サッカー王国ブラジルは、ちょっと変わっている。クリスティアーノ・ロナウド、リオネル・メッシ級のバロンドールを狙えそうなスーパースターこそ近年、現れていないが、それに次ぐ選手はたくさんいる。欧州サッカーはブラジル人選手なくして成立しない状況がいまなお続いている。
 
 Jリーグを見渡しても似たようなことが言える。ドウグラス(ヴィッセル神戸)、チアゴ・マルチンス(横浜F・マリノス)など、Jリーグのレベルの維持に欠かせないブラジル人選手が多くいる。
 
 ところが監督は、それとは真反対の状況にある。欧州で名を残した監督はほとんどいない。ユーロ2004でポルトガルを準優勝に導いたルイス・フェリペ・スコラーリがせいぜいだ。よい選手がヤマのようにいるので、よい監督がいなくてもなんとかなってしまう。ブラジルには、よい監督が生まれてくる土壌がないとは、昔からよく言われる定説だが、それにしても少なすぎるという感じだ。
  
 チャンピオンズリーグなど、欧州の最高峰でプレーした経験のある元選手たちは引退後、どうしているのだろうか。ブラジルにはまさに「名選手名監督に非ず」を地で行く世界が広がっていることになる。
 
 こう言ってはなんだが、その代表格がジーコとなる。その烙印がハッキリと押されたのは日本代表監督時代だ。その本番となった2006年ドイツW杯でなにより唖然とさせられたのは、カギと言われた初戦、対オーストラリア戦の、その数日前にスタメンを発表してしまったことだ。その時、ジーコジャパンには2つの選択肢があった。3-4-1-2か、4-2-2-2か。少なからず頭を悩ませていたはずのオーストラリア監督ヒディンクに、あろうことかジーコはなんと自ら正解をプレゼントしてしまったのだ。
 
 当然のことながら、試合に敗れ、その瞬間、日本のベスト16入りの目はほぼ消滅した。3戦目でブラジルに1-4で敗れグループリーグ落ちが決まると、ジーコは日本人選手のフィジカル面の弱さを敗因に挙げたものだが、こちらの抱いた敗因は監督にあった。
 
 メンバーはけっして悪くなかった。日本がいいサッカーを世界に示す絶好の機会だった。その中で起きたこの敗退劇。こちらの数ある観戦歴の中でも好ましくない出来事として刻まれている。
 
 代表監督ジーコの印象は芳しくない。だが、その代表チームの練習の合間に、遊びでボールを蹴るジーコの姿を見ると、そうした思いは一瞬、すっ飛ぶのだった。滅茶苦茶巧かったからだ。その昔、バルセロナの練習を見に行った際、監督のクライフが練習に加わり選手と一緒にボールを蹴るシーンを幾度か見たことがあるが、その時に抱いた感激とまったく同じだった。
 
 そもそもジーコは、こちらをサッカーの虜にさせた張本人でもある。ブラジル対イタリア。初めて出かけたW杯、82年スペイン大会でこの一戦を生で見てしまったことが、この道に入る大きなきっかけだった。あの試合をもう一度……。それからウン十年、いまなおライターを続けている理由でもある。

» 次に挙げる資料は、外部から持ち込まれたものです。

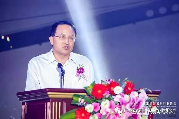 随后,广州定制家居行业协会会长王天兵进行了发言。他表示,定制产业已经是国家认可的高端制造业,是大湾区战略的重要布局,这是行业一次重大的战略机会。协会也会响应政府号召,全力推动定制家居行业的发展。

 それはともかく、いつ何時も、目指すサッカーについて朗々と、サービス精神を全開に語ったクライフに対し、監督ジーコは、こういうサッカーがしたいという熱い思いを、最後まで語ることがなかった。

 唯一耳に残るのは「自由度の高いサッカー」になるが、それは監督目線ではなく、選手目線の言葉に聞こえた。少なくとも哲学的な監督でなかったことは、クライフとの比較することで鮮明になる。

 ジーコは2018年から鹿島アントラーズのテクニカルディレクターに納まっている。鹿島が勝利すれば、ほぼ自動的にジーコ・スピリットが取り沙汰される構図にある。早い話が勝利はジーコの手柄になりがちだ。